Pew research on religion in India: Tolerance and Segregation
- In Reports
- 04:31 PM, Jun 30, 2021
- Myind Staff
A major new Pew Research Centre survey of religion across India, based on nearly 30,000 face-to-face interviews of adults conducted in 17 languages between late 2019 and early 2020 (before the COVID-19 pandemic), finds that Indians of all these religious backgrounds overwhelmingly say they are very free to practice their faiths.
“Religion in India: Tolerance and Segregation” is Pew Research Center’s most comprehensive, in-depth exploration of Indian public opinion to date.
Despite sharing certain values and religious beliefs – as well as living in the same country, under the same constitution – members of India’s major religious communities often don’t feel they have much in common with one another.
Indians see religious tolerance as a central part of who they are as a nation. Across the major religious groups, most people say it is very important to respect all religions to be “truly Indian.” And tolerance is a religious as well as civic value: Indians are united in the view that respecting other religions is a very important part of what it means to be a member of their own religious community.

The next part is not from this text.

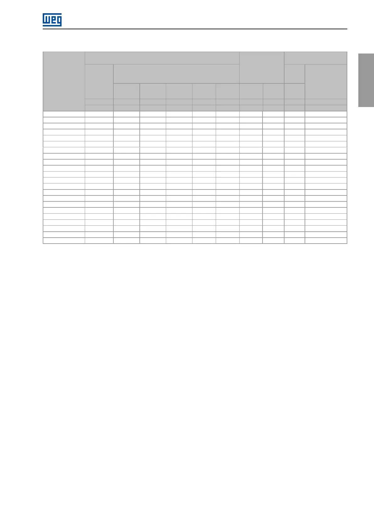 RatedpowervaluesdefinedbasedontheratedcurrentofWEGmotorsattheindicatedvoltages.
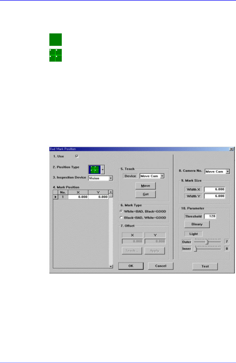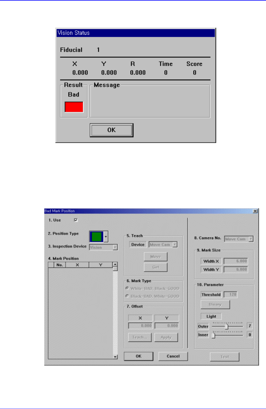 Figure 11-15. “Bad Mark Position” dialog box(When the Position Type is “Panel”)

However, in what seems to be a contradiction, the majority in almost every religious group shows a preference for keeping religious communities segregated and "wants to live separately".
The report suggested that roughly two-thirds of Hindus in India want to prevent interreligious marriages of Hindu women (67%) or Hindu men (65%). Even larger shares of Muslims feel similarly, 80% say it is very important to stop Muslim women from marrying outside their religion, and 76% say it is very important to stop Muslim men from doing so.
In other words, Indians’ concept of religious tolerance does not necessarily involve the mixing of religious communities
Many Indians seem to prefer a country more like a patchwork fabric, with clear lines between groups.
Its conclusion, in a sentence, “Indians say it is important to respect all religions, but major religious groups see little in common and want to live separately.”